Task requirements: Start at the top of the records and, please, print each line exactly through the line that contains "eating them! |", leaving out all pictures.

Data extracts:
Segment Open

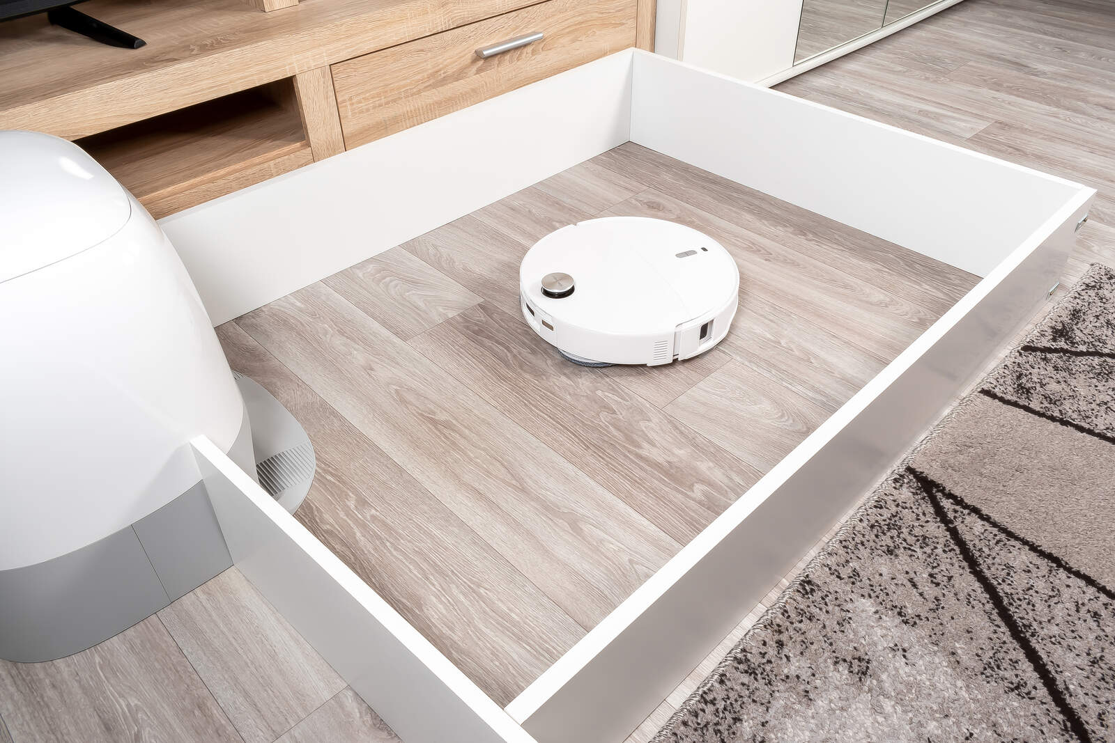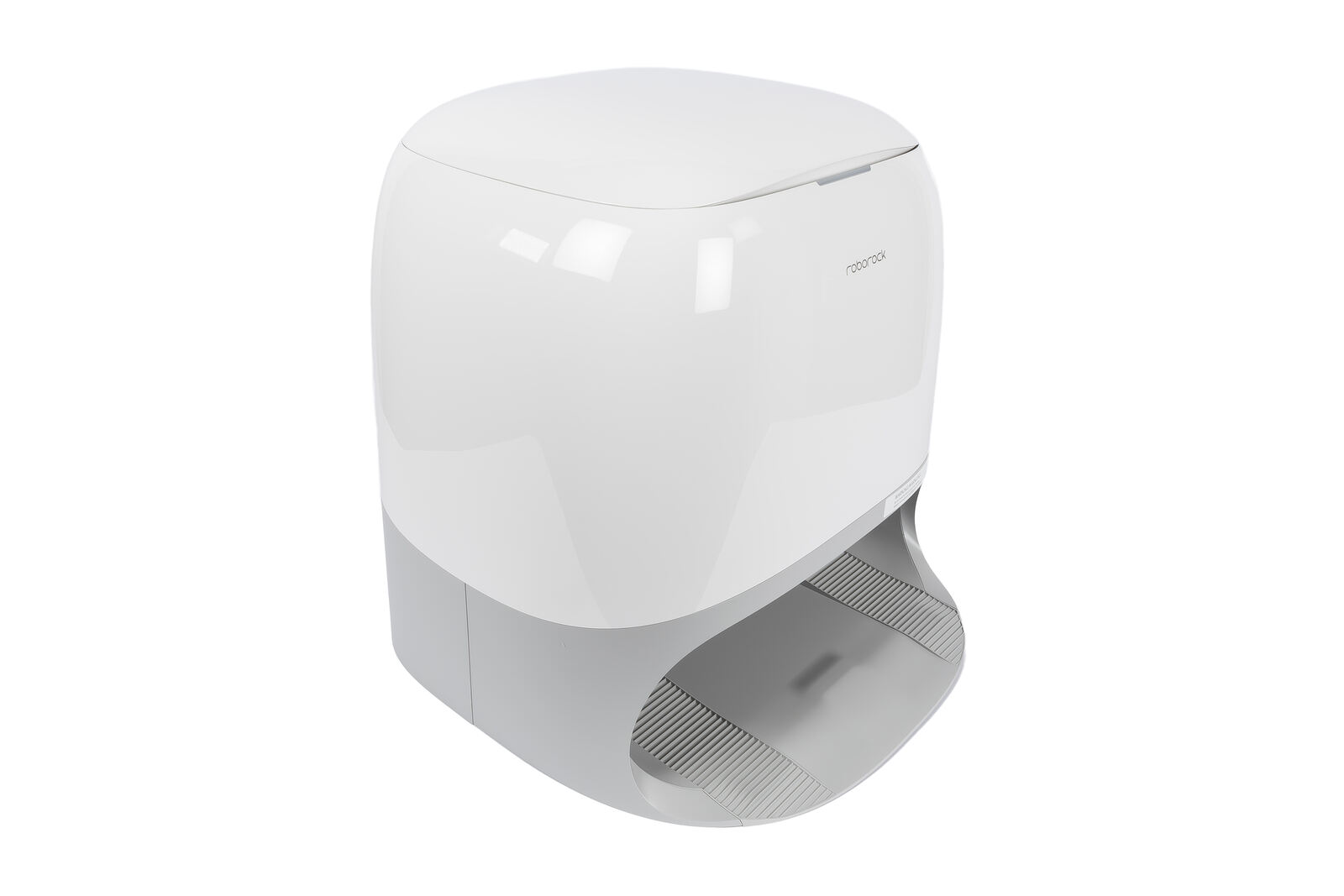 Die unter dem großen Namen "Multifunktions-Dockingstation 3.0 Hygiene+" bezeichnete Station des Curv 2 Pro fällt zumindest erstmal optisch deutlich auf. Roborock verzichtet hier auf das meist übliche kantige, rein funktionale Design, wie es viele andere Hersteller verwenden und setzt stattdessen auf eine glatt geschlossene, hochglänzende Oberfläche mit rundem, fast schon organischem Formfaktor. Im Raum wirkt das dadurch eben nicht wie ein typisches Haushaltsgerät, das man am liebsten irgendwo hinter einem Vorhang verstecken möchte, sondern eher wie ein eigenständiges Designobjekt. Die wiederum in Grau gehaltene, matt gestaltete breite Fahrmulde und die offene Front nehmen dem Ganzen wieder etwas von dieser Eleganz, sind aber funktional und so ausgeführt, dass sie optisch doch stimmig wirken.
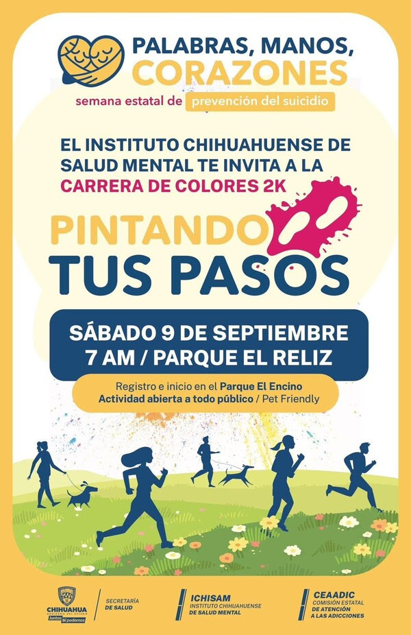 Las actividades continuarán el 9 de septiembre con la «Carrera de colores 2k Pintando tus Pasos» en el Parque El Reliz de la ciudad de Chihuahua, un evento familiar y pet-friendly que comenzará a las 7 de la mañana.
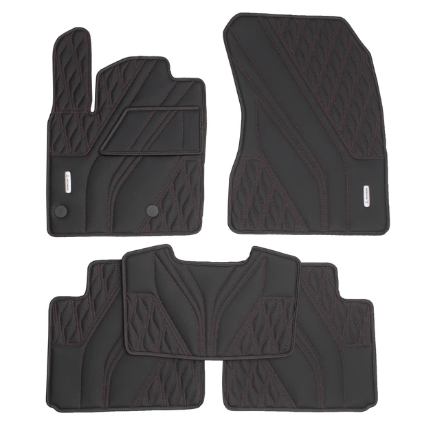 Килимки в салон Mitsubishi Outlander 4 '23 - екошкіра Wave Style чорні з червоною ниткою (комплект)
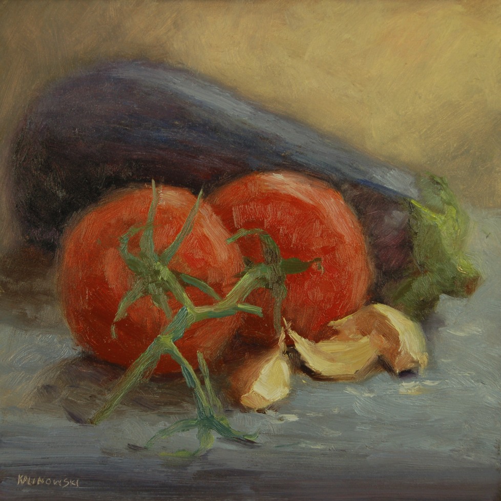 | Tomato and Scallions, oil, 6x6 I enjoyed painting them even more than eating them! |
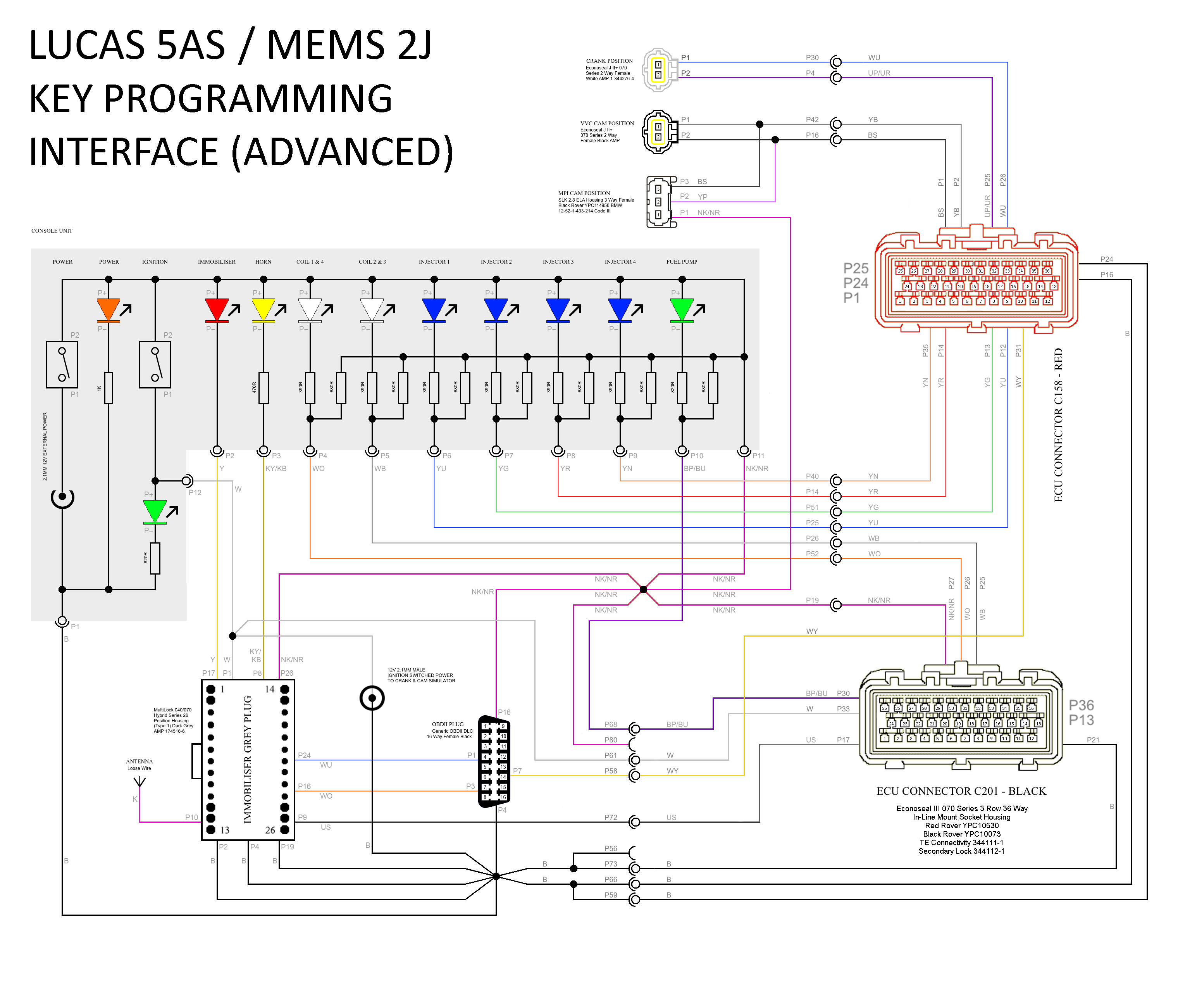 … I built an interface which allowed me to run an ECU, Immobiliser & Key Programmer (or OBDII scanner) (using a standard OBDII diagnostic socket) and optionally my Crank & Cam Simulator together on the bench.
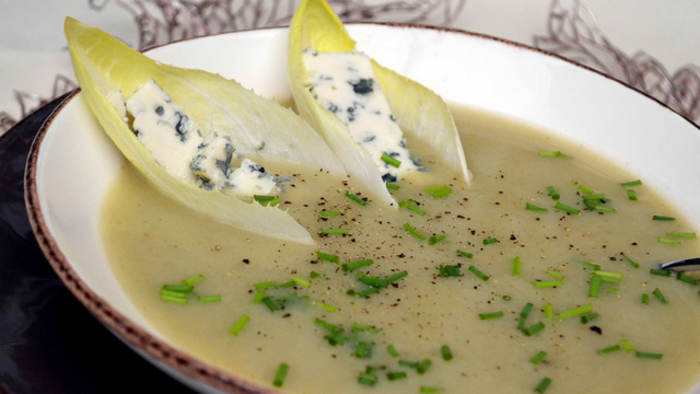 Servez dans des assiettes creuses avec les feuilles de chicon au roquefort et parsemez de ciboulette ciselée...
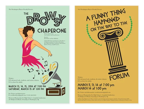 Fall Play and Spring Musical promotional collateral created for the Woodington Players, the theatre ensemble at Westwood Regional Jr./Sr. High School
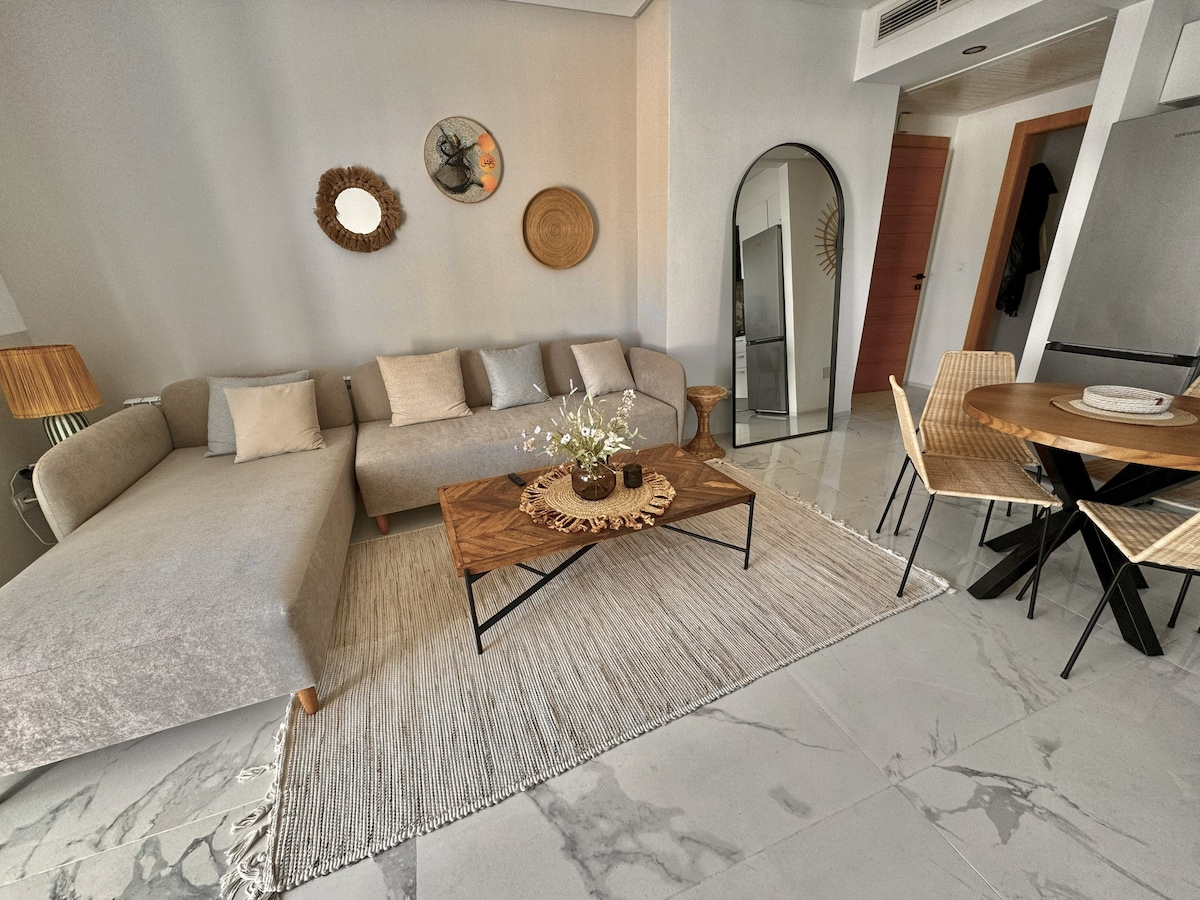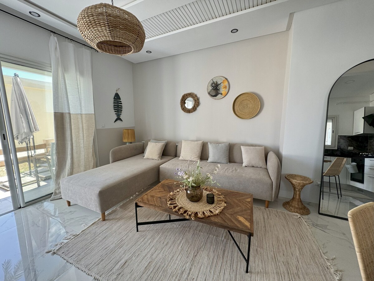 High-end design apartment of 120 mÂČ (70 mÂČ interior and 50 mÂČ terrace), fully equipped and ideally located in a quiet neighborhood of Monastir. The terrace, furnished with garden furniture, a parasol, and exotic plants, is perfect for relaxation. This spacious, modern, and bright apartment is ideal for comfortable stays, whether as a couple or with friends. Close to amenities and beaches, it provides a unique setting to explore Monastir.
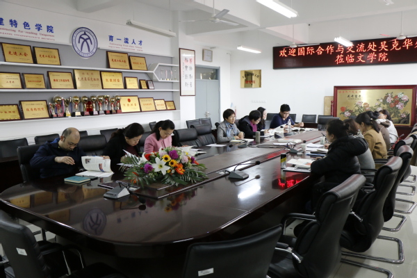 近日,公司国际合作与交流处吴克华副处长一行来文公司指导国际交流与合作工作。参加此次会议的有国际合作与交流处吴克华副处长、杨一帆,文公司副经理、国际事务办公室主任孙大满,国际事务办公室副主任朱珊、姜训禄,研究生教学部主任郭月琴以及各系负责国际交流事务的老师。
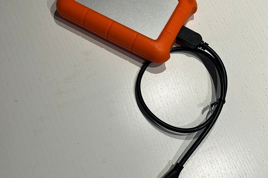 LaCie extern hårddisk med USB-C-anslutning. Robust design i orange och silver.

Segment Closed

Written solution:
 Die unter dem großen Namen "Multifunktions-Dockingstation 3.0 Hygiene+" bezeichnete Station des Curv 2 Pro fällt zumindest erstmal optisch deutlich auf. Roborock verzichtet hier auf das meist übliche kantige, rein funktionale Design, wie es viele andere Hersteller verwenden und setzt stattdessen auf eine glatt geschlossene, hochglänzende Oberfläche mit rundem, fast schon organischem Formfaktor. Im Raum wirkt das dadurch eben nicht wie ein typisches Haushaltsgerät, das man am liebsten irgendwo hinter einem Vorhang verstecken möchte, sondern eher wie ein eigenständiges Designobjekt. Die wiederum in Grau gehaltene, matt gestaltete breite Fahrmulde und die offene Front nehmen dem Ganzen wieder etwas von dieser Eleganz, sind aber funktional und so ausgeführt, dass sie optisch doch stimmig wirken.
 Las actividades continuarán el 9 de septiembre con la «Carrera de colores 2k Pintando tus Pasos» en el Parque El Reliz de la ciudad de Chihuahua, un evento familiar y pet-friendly que comenzará a las 7 de la mañana.
 Килимки в салон Mitsubishi Outlander 4 '23 - екошкіра Wave Style чорні з червоною ниткою (комплект)
 | Tomato and Scallions, oil, 6x6 I enjoyed painting them even more than eating them! |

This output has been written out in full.